Dan jika binatang buruan itu termasuk yang tidak ada penyerupaannya, maka wajib mengeluarkan (menyedekahkan) makanan seharga binatang itu (kepada orang miskin) atau berpuasa sebagai gantinya untuk setiap mud 1 hari.

Kelima,
denda yang wajib (dibayar) karena hubungan intim, yaitu secara urut:
seekor onta, jika tidak ada, maka (sebagai gantinya) seekor lembu.
Jika tidak diperolehnya, maka (sebagai gantinya) 7 ekor kambing.
Jika tidak ada, maka hendaklah memberi harga onta tersebut dan dengan harga itu hendaklah membeli makanan dan menyedekahkannya (kepada orang fakir atau miskin).
Jika tidak diperolehnya juga, maka wajib berpuasa sebagai gantinya untuk setiap mud 1 hari.

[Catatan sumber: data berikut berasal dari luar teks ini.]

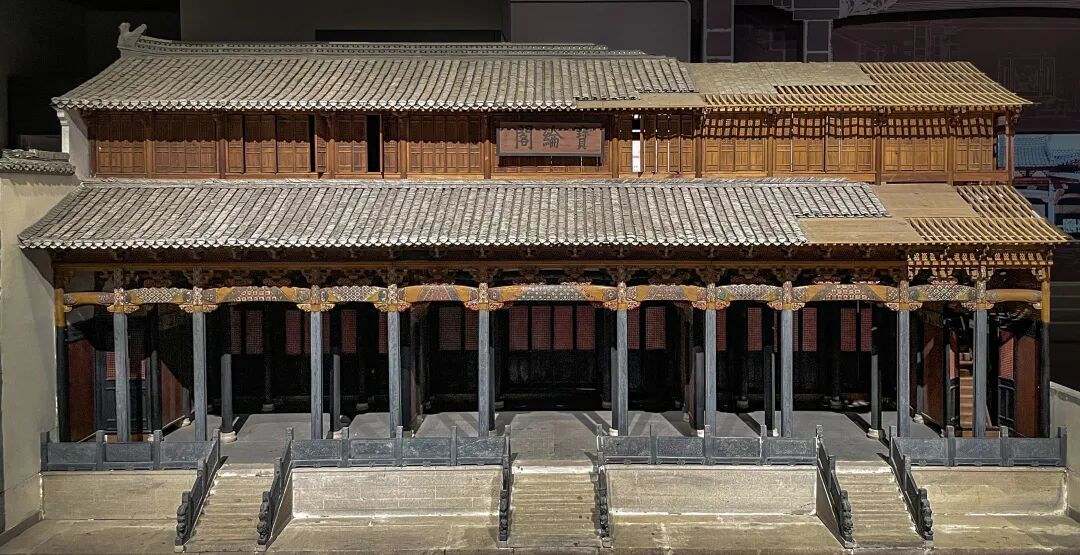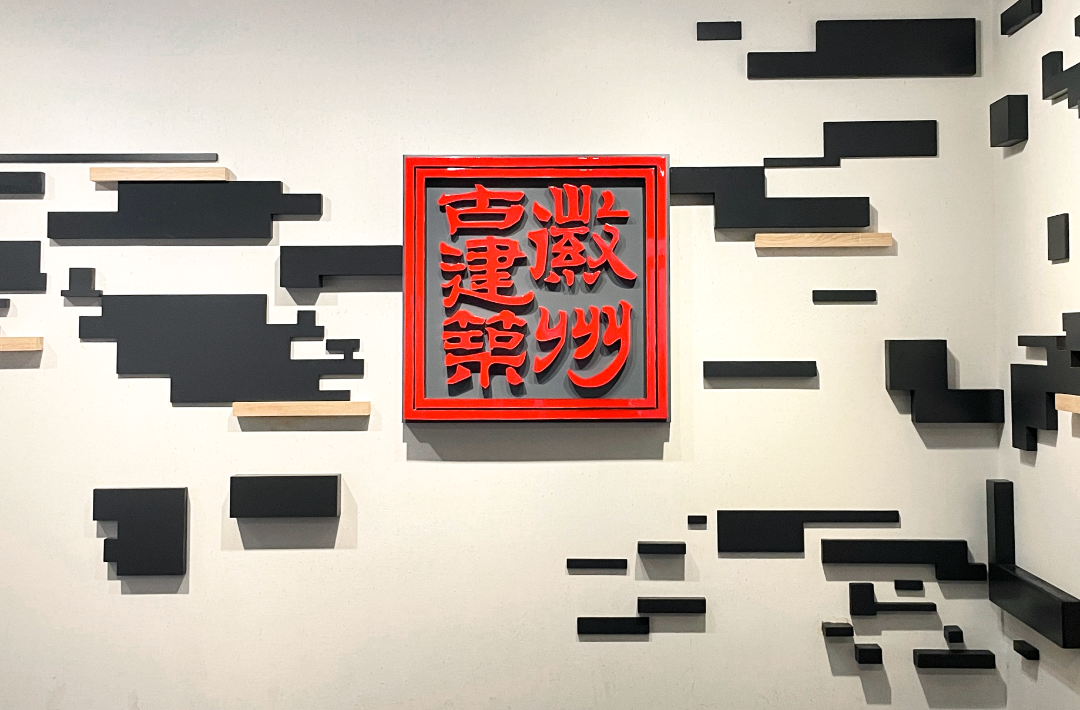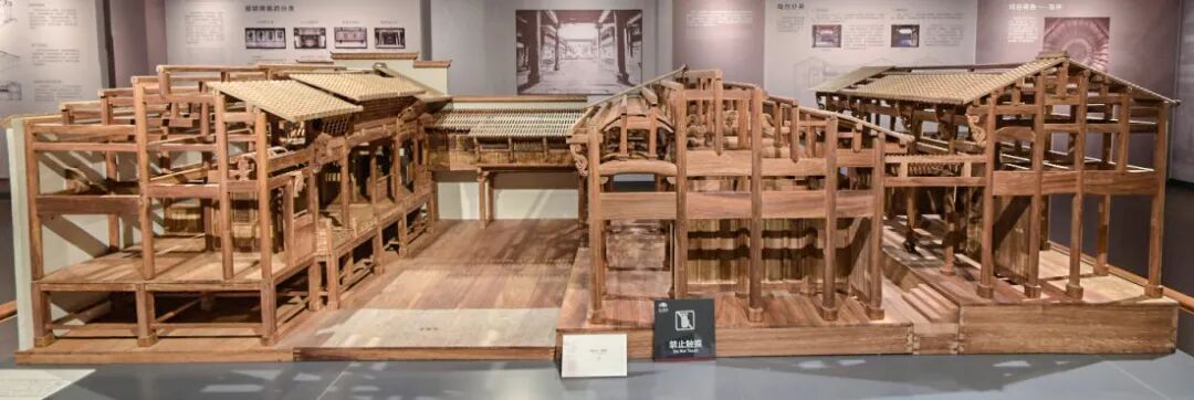 在展厅两侧放置了两件十分引人注目的建筑模型。分别是歙县呈坎村的罗东舒祠与祁门珠林村的馀庆堂(古戏台),模型不仅还原了建筑的外貌,还进行了适当的解剖,将内部结构呈现出来,让观众的视线得以在方寸间跨过仪门,穿越走廊,见享堂而后寝殿,辅以墙上的建筑绘图,仿佛人人都是梁思成,都能够在科学严谨的建筑世界中徜徉。

Hadiah dan pemberian makanan itu tidak cukup dilakukan kecuali di Tanah Haram, sedangkan berpuasa tersebut cukup dilakukan di mana saja orang yang membayar denda itu menghendaki.

Tidak boleh orang membunuh binatang buruan Tanah Haram dan tidak boleh memotong pohon-pohonnya.
Orang yang sudah tahallul dan orang yang tengah berihram dalam soal ini adalah sama.